On your other point, I've programmed in many languages in many years, and mostly I did some in an environment with an IDE, or powerful language-specific tooling (not tree-sitter) that had a proper good understanding of the syntax and semantics of the language used.

If you learn better by video than by reading, the Structure and Interpretation of Computer Programs lectures by Abelson and Sussman are spectacular. I have watched the entire course multiple times. The SICP book also receives a lot of praise, but I have yet to read it myself. They specifically use Scheme, but most of the knowledge can be translated to other Lisp dialects as well. The biggest difference between the different Lisp dialects are the macro systems and the standard libraries, so getting started and learning it doesn't really matter which one you choose. GNU Guile or Racket would be easy to use to follow along with SICP though.

Also... HtDP (How to Design Programs) is a good follow-on to SICP.

Oh... and I think we can't mention SICP without referencing this (relatively recent) video about why MIT moved from Scheme to Python for intro classes: https://youtu.be/OgRFOjVzvm0

HtDP was written to address difficulties with learning from SICP https://cs.brown.edu/~sk/Publications/Papers/Published/fffk-...

I have gotten much farther (and accordingly learned more from HtDP). It is accurate to think of it as an on ramp for SICP.

A good text to make you aware of the power of Lisp is "The Anatomy of Lisp" by John Allen (MIT). It's an old text but they don't write books like that anymore.

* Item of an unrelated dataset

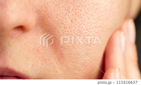 Close-up of part of the face. facial skin with enlarged pores, problem skin. Cosmetology. texture skin. skin health. illness skin

> what's the best way to learn it?

What's the best way to learn programming in general? For me, is to try to build something. Find a problem, pick a Lisp, start building.

Just make sure to have two things: structural editing and the REPL. Without these two, Lisp may feel awkward. But when you have the ability to quickly move any expression around, transpose them, etc., - writing programs becomes like composing haikus or something. You basically will be moving some "lego-pieces" around. With the connected REPL, you will be able to eval any expression in-place, from where you're writing your code.

I started without these and indeed, that was challenging. Having to balance the parentheses by hand, counting them, omg, I was so obtuse, but I'm glad I didn't give up. You don't have to go too crazy - in the beginning, something that automatically balances out the parens, or highlights them when they are not, and lets you grab an expression and paste it somewhere else would be good enough.

And the REPL. Shit, I didn't know any better, I thought I was suppose to be copypasting or typing things into it. That is not the way! Find a way to eval expressions in-place. Some editors even show you the result of the computations right where the cursor is.

I have done years of programming prior to discovering Lisp, and I don't really understand how I was okay without it. I wish someone has insisted to try it out. Today I don't even understand how can anyone identify as a programmer and "hate" Lisp, just because they have stared at some obscure Lisp code for like two minutes at some point.